One of the best systems for learning Low-Level Design is BookMyShow.
Because at first glance, it looks simple:
User selects movie
→ chooses seats
→ makes payment
→ booking gets confirmed
But internally, this system forces us to solve some very important design problems:
- seat consistency
- concurrent booking
- lifecycle management
- state transitions
- ownership boundaries
- workflow orchestration
Which makes it an excellent domain modeling exercise.
Step 1 — Understand the Core Business Flow
Before thinking about classes, understand the workflow first.
Simplified booking flow:
User selects show
→ selects seats
→ seats get locked
→ payment happens
→ booking gets confirmed
Now ask carefully:
Which objects own these responsibilities?
That question drives the design.
Step 2 — Identify Core Entities
We start with business objects that:
- have identity
- evolve over time
- require tracking
Movie
- movieId
- title
- duration
- language
Movie has business identity.
Entity ✅
Theater
Tracks:
- location
- screens
- configuration
Entity ✅
Show
Very important Entity.
Why?
Because Show controls:
- timing
- seat availability
- booking state
- pricing context
Show becomes central to consistency.
Booking
Booking has:
- bookingId
- lifecycle
- payment relationship
- cancellation state
Entity ✅
Step 3 — Identify Value Objects
Now separate descriptive values.
SeatNumber
SeatNumber("A12")
We care about:
- the value itself not
- independent lifecycle
Value Object ✅
Money
Money(₹450)
Again:
- defined by value
- no identity
Value Object ✅
TimeRange
Represents:
- start time
- end time
Also a Value Object.
Step 4 — Identify Critical Invariants
This is where real system design begins.
Ask:
“What business rules must NEVER break?”
Most Important Invariant
Same seat cannot be booked twice for the same show.
This single rule shapes most of the system design.
Other invariants:
- cancelled bookings should release seats
- payment must happen before confirmation
- locked seats should expire eventually
- invalid seat transitions must not occur
Step 5 — Find the Correct Aggregate Boundary
This is where many beginner designs fail.

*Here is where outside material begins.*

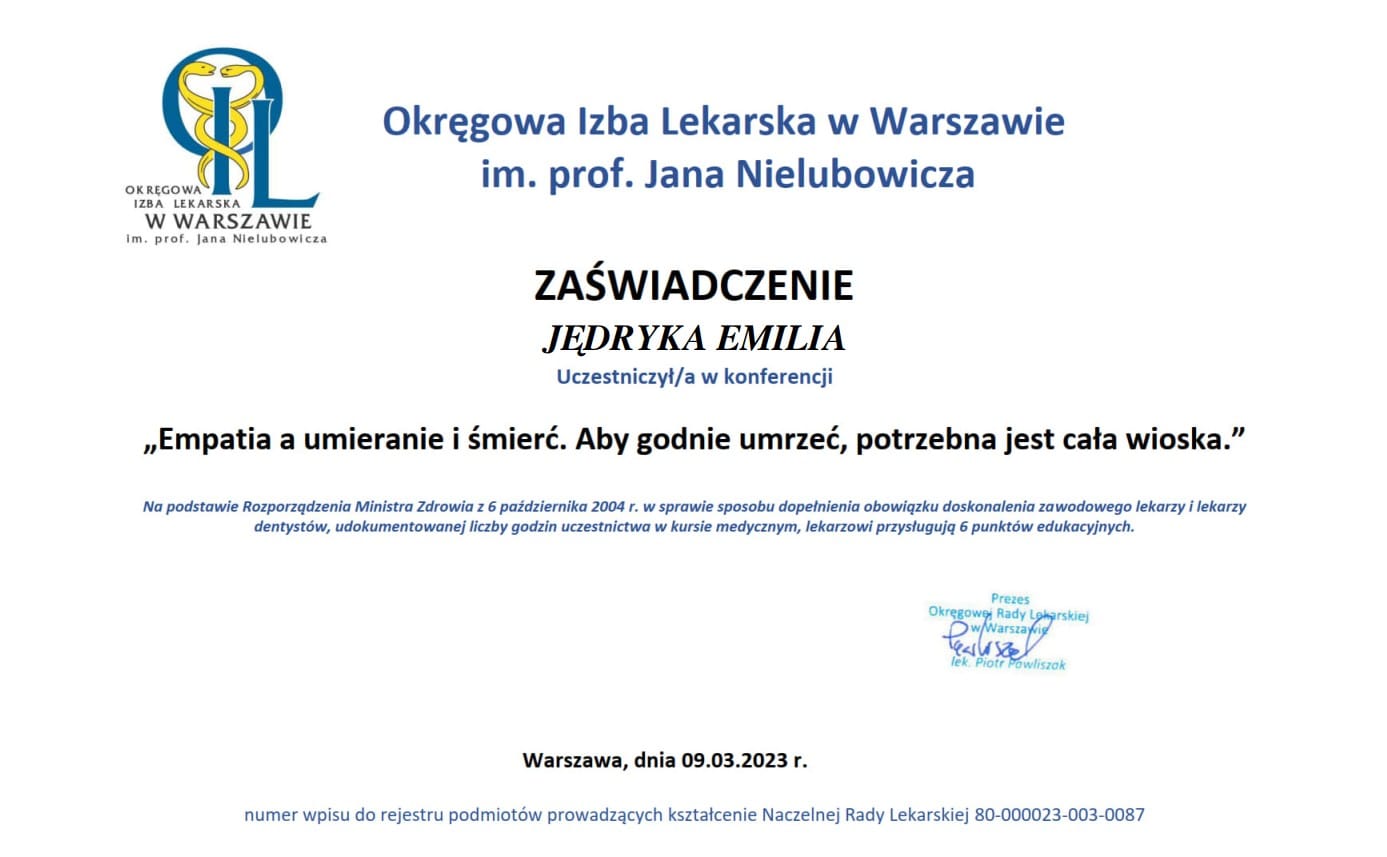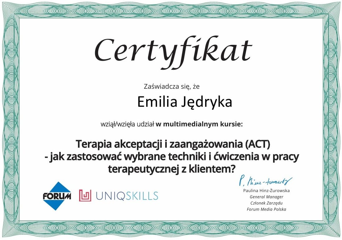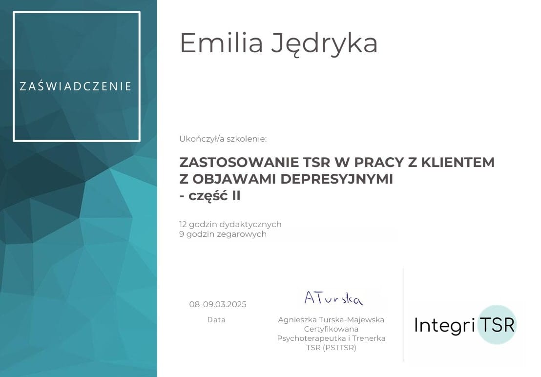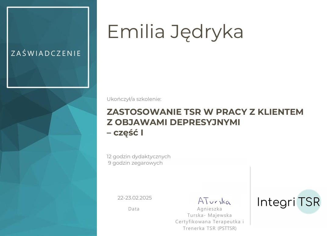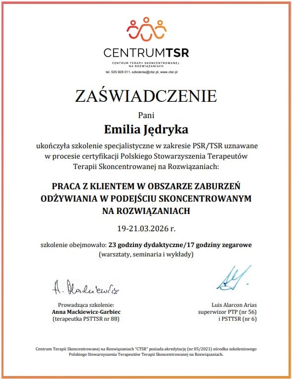 Ukończyłam szkolenie stopnia podstawowego oraz zaawansowanego Terapii Skoncentrowanej na Rozwiązaniach w ośrodku szkoleniowym akredytowanym przez PSTTSR.
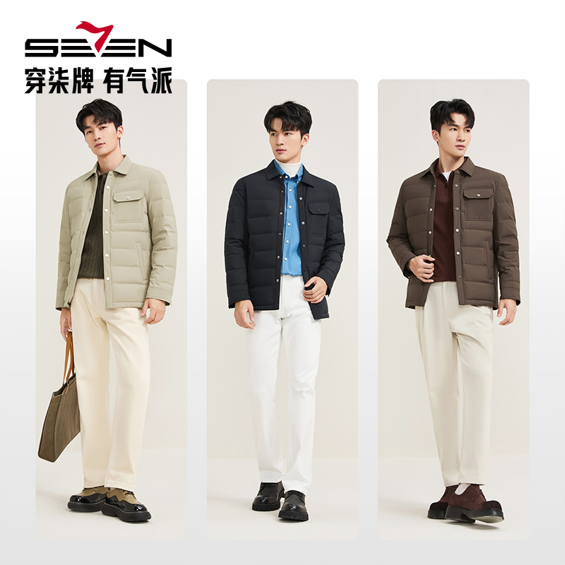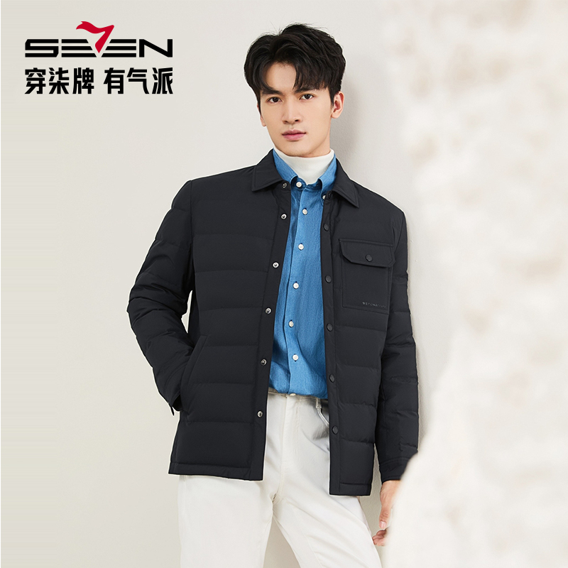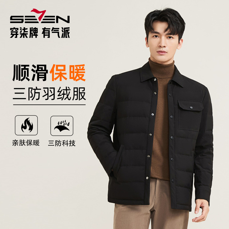 【衬衫羽绒夹克】柒牌羽绒服男冬季新款三防面料商务休闲羽绒外套

A common mistake is making Booking responsible for seats.
But think carefully.
Who actually owns seat consistency?
The answer is:
Show.
Show Aggregate
Show Aggregate
├── Show (Root)
├── SeatAvailability
├── Pricing
└── Timing
The Show Aggregate becomes responsible for:
- locking seats
- confirming seats
- releasing seats
- protecting booking consistency
This is extremely important.
Why Booking Should NOT Control Seats
Imagine this design:
Booking → directly marks seats booked
Now multiple bookings can race against each other.
Consistency becomes fragile.
Instead:
Booking asks Show to reserve seats
Now consistency remains centralized.
That is good aggregate design.
Step 6 — Model Seat State Transitions
Seats evolve through states.
Example:
AVAILABLE
→ LOCKED
→ BOOKED
Or:
LOCKED
→ AVAILABLE
if payment fails or timeout occurs.
These transitions must remain controlled.
Example Domain Logic
class Show {
void lockSeats(List<SeatNumber> seats) {
if(!areAvailable(seats)) {
throw new SeatUnavailableException();
}
markLocked(seats);
}
}
Notice:
- Show protects consistency
- invalid transitions are blocked
- business rules stay centralized
Step 7 — Separate Workflow From Domain Logic
Now comes orchestration.
Booking flow involves:
- seat locking
- payment
- notifications
- booking confirmation
This coordination belongs in Services.
BookingService
class BookingService {
void createBooking(User user, Show show, Seats seats) {
show.lockSeats(seats);
paymentService.process();
booking.confirm();
notificationService.send();
}
}
Service coordinates workflow.
Show protects consistency.
That separation is critical.
Step 8 — Think Beyond the Happy Path
Strong LLD always considers failures.
Example:
- payment fails
- user abandons flow
- seat lock expires
- duplicate requests happen
Now state management becomes even more important.
Weak systems fail under these situations.
Strong systems protect consistency despite failures.
Final Domain Model
Entities
- Movie
- Theater
- Show
- Booking
Value Objects
- SeatNumber
- Money
- TimeRange
Aggregate
- Show Aggregate
Invariants
- no double booking
- valid seat lifecycle
Services
- BookingService
- PaymentService
- NotificationService
The Most Important Insight
BookMyShow is not fundamentally a “movie booking system”.
At its core, it is actually:
a consistency management system.
The hardest problem is not:
- rendering UI
- exposing APIs
- storing records
The hardest problem is:
- protecting valid seat state under concurrent usage.
And that is exactly why domain modeling matters in real Low-Level Design.
Because strong systems are built by identifying:
- ownership
- consistency boundaries
- lifecycle control
- responsibility separation
before writing large amounts of code.